▶ [Exercise prompt]
Return, word for word, the lines of the listing below from the one with "キッズスマホ おもちゃ 子供用" through the one with "Selekcionārs Viktors Orehovs", and no other lines.

▶ [Entries supplied]
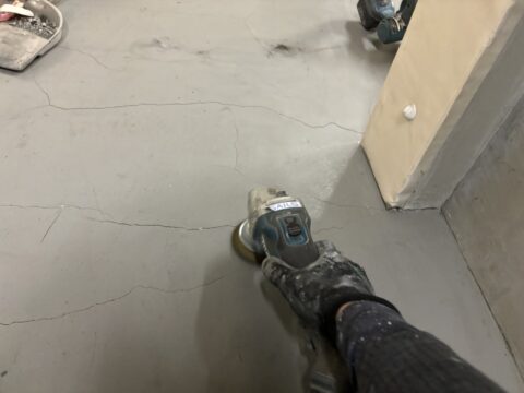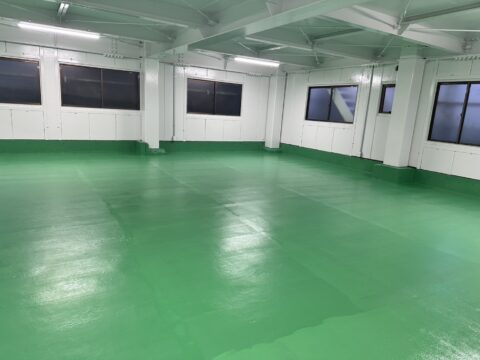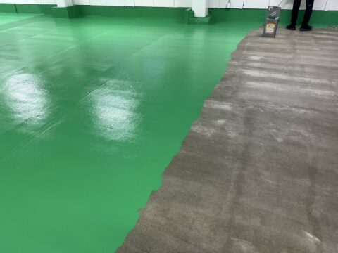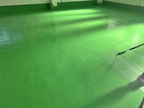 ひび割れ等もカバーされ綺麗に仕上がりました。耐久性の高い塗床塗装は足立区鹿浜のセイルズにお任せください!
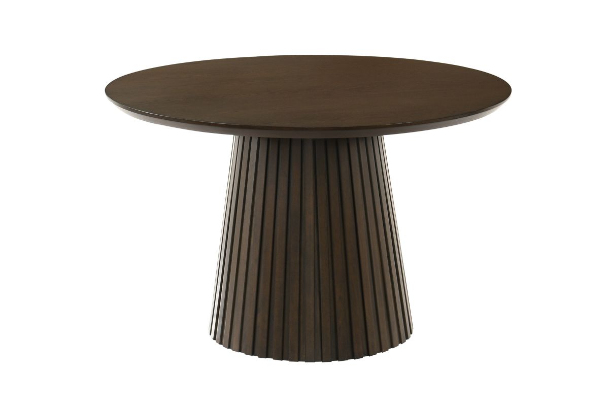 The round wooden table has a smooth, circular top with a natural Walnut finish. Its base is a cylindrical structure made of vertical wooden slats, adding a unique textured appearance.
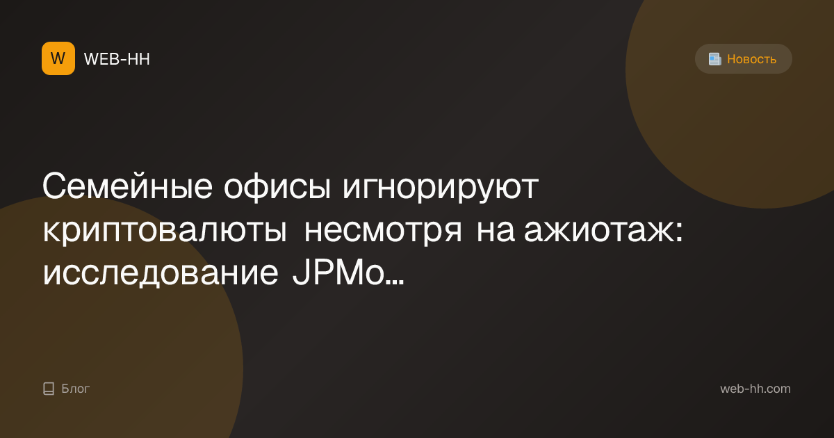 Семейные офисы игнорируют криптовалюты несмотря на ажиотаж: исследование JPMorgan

* * *

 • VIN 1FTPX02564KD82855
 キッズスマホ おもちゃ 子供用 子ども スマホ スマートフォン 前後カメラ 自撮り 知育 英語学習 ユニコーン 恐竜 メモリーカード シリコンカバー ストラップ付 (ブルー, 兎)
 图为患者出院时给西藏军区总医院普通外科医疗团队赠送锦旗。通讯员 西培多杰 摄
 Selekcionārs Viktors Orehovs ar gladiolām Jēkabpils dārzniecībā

▶ [Your solution]
 キッズスマホ おもちゃ 子供用 子ども スマホ スマートフォン 前後カメラ 自撮り 知育 英語学習 ユニコーン 恐竜 メモリーカード シリコンカバー ストラップ付 (ブルー, 兎)
 图为患者出院时给西藏军区总医院普通外科医疗团队赠送锦旗。通讯员 西培多杰 摄
 Selekcionārs Viktors Orehovs ar gladiolām Jēkabpils dārzniecībā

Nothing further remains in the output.